GIVEN DATA:

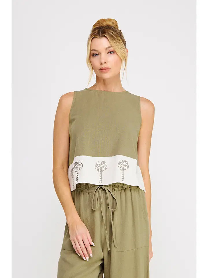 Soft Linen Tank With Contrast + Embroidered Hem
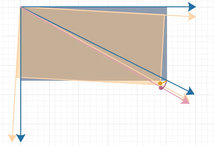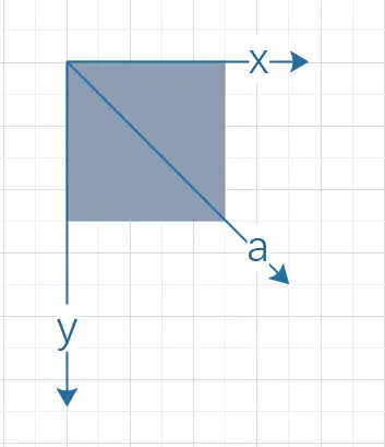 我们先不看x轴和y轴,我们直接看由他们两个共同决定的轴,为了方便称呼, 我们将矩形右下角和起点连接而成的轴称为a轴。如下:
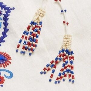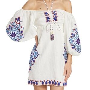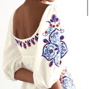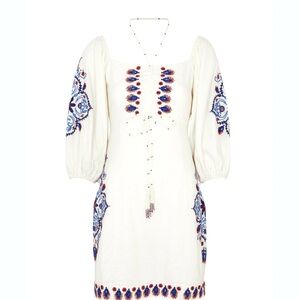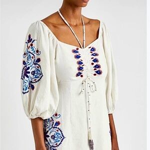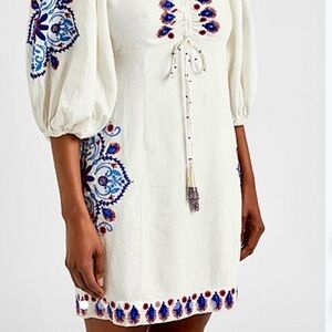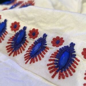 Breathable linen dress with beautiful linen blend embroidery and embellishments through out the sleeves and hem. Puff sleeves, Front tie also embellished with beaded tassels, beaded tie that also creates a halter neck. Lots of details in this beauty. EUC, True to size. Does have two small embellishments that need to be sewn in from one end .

* * *

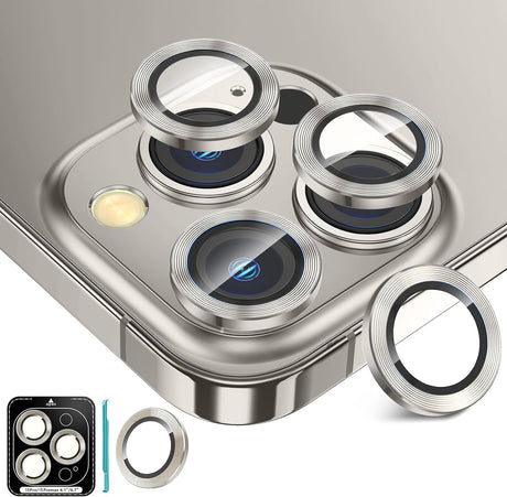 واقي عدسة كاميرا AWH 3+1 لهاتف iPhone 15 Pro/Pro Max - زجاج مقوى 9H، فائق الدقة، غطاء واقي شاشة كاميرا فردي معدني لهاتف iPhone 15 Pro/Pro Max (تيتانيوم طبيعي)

REQUIRED ACTION: In the entries above, find the line containing "我们先不看x轴和y轴,我们直" and the line containing "Breathable linen dress", then copy both and every line between them exactly, without any picture.

PROBLEM SOLUTION:
 我们先不看x轴和y轴,我们直接看由他们两个共同决定的轴,为了方便称呼, 我们将矩形右下角和起点连接而成的轴称为a轴。如下:
 Breathable linen dress with beautiful linen blend embroidery and embellishments through out the sleeves and hem. Puff sleeves, Front tie also embellished with beaded tassels, beaded tie that also creates a halter neck. Lots of details in this beauty. EUC, True to size. Does have two small embellishments that need to be sewn in from one end .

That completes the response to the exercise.